8.2 KiB
DetectionOutput
Versioned name: DetectionOutput-8
Category: Object detection
Short description: DetectionOutput performs non-maximum suppression to generate the detection output using information on location and confidence predictions.
Detailed description: Reference. The layer has 3 mandatory inputs: tensor with box logits,
tensor with confidence predictions and tensor with box coordinates (proposals). It can have 2 additional inputs with additional confidence
predictions and box coordinates described in the article. The output tensor contains information
about filtered detections described with 7 element tuples: [batch_id, class_id, confidence, x_1, y_1, x_2, y_2]. The first tuple
with batch_id equal to -1 means end of output.

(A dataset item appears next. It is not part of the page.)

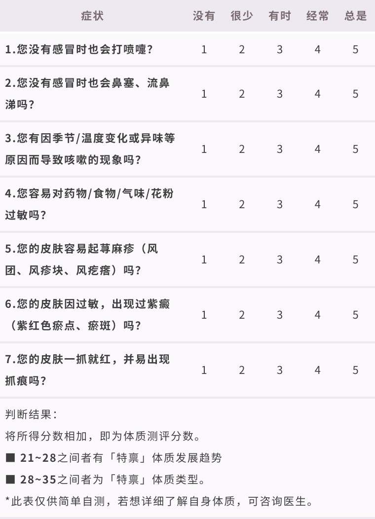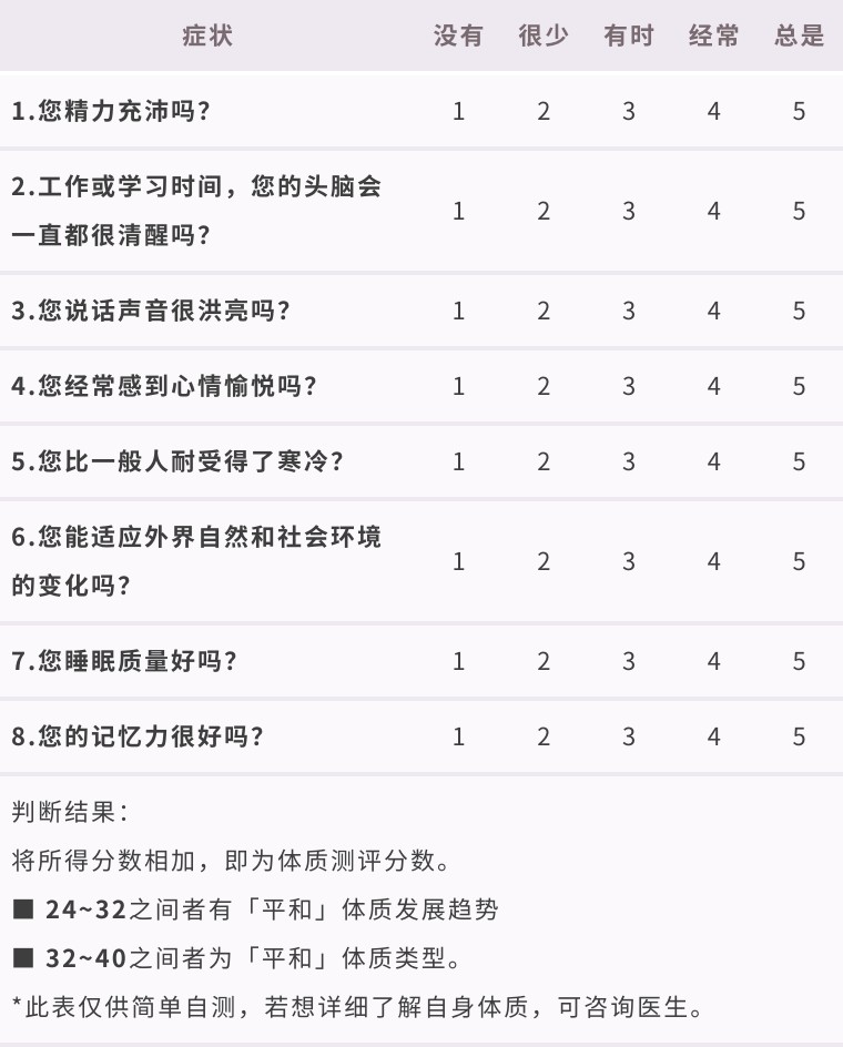 那么,不同体质的人有什么典型特征呢?下面,大家可以根据自己的情况,测试一下,您到底属于哪种体质?

At each feature map cell, DetectionOutput predicts the offsets relative to the default box shapes in the cell, as well as the per-class scores that indicate the presence of a class instance in each of those boxes. Specifically, for each box out of k at a given location, DetectionOutput computes class scores and the four offsets relative to the original default box shape. This results in a total of \f$(c + 4)k\f$ filters that are applied around each location in the feature map, yielding \f$(c + 4)kmn\f$ outputs for a m * n feature map.
Attributes:
NOTE: num_classes, a number of classes attribute, presents in DetectionOutput_1 has been removed.
It can be computed as cls_pred_shape[-1] // num_prior_boxes where cls_pred_shape and num_prior_boxes are class predictions tensor shape and
a number of prior boxes.
-
background_label_id
- Description: background label id. If there is no background class, set it to -1.
- Range of values: integer values
- Type: int
- Default value: 0
- Required: no
-
top_k
- Description: maximum number of results to be kept per batch after NMS step. -1 means keeping all bounding boxes.
- Range of values: integer values
- Type: int
- Default value: -1
- Required: no
-
variance_encoded_in_target
- Description: variance_encoded_in_target is a flag that denotes if variance is encoded in target. If flag is false then it is necessary to adjust the predicted offset accordingly.
- Range of values: false or true
- Type: boolean
- Default value: false
- Required: no
-
keep_top_k
- Description: maximum number of bounding boxes per batch to be kept after NMS step. -1 means keeping all bounding boxes after NMS step.
- Range of values: integer values
- Type: int[]
- Required: yes
-
code_type
- Description: type of coding method for bounding boxes
- Range of values: "caffe.PriorBoxParameter.CENTER_SIZE", "caffe.PriorBoxParameter.CORNER"
- Type: string
- Default value: "caffe.PriorBoxParameter.CORNER"
- Required: no
-
share_location
- Description: share_location is a flag that denotes if bounding boxes are shared among different classes.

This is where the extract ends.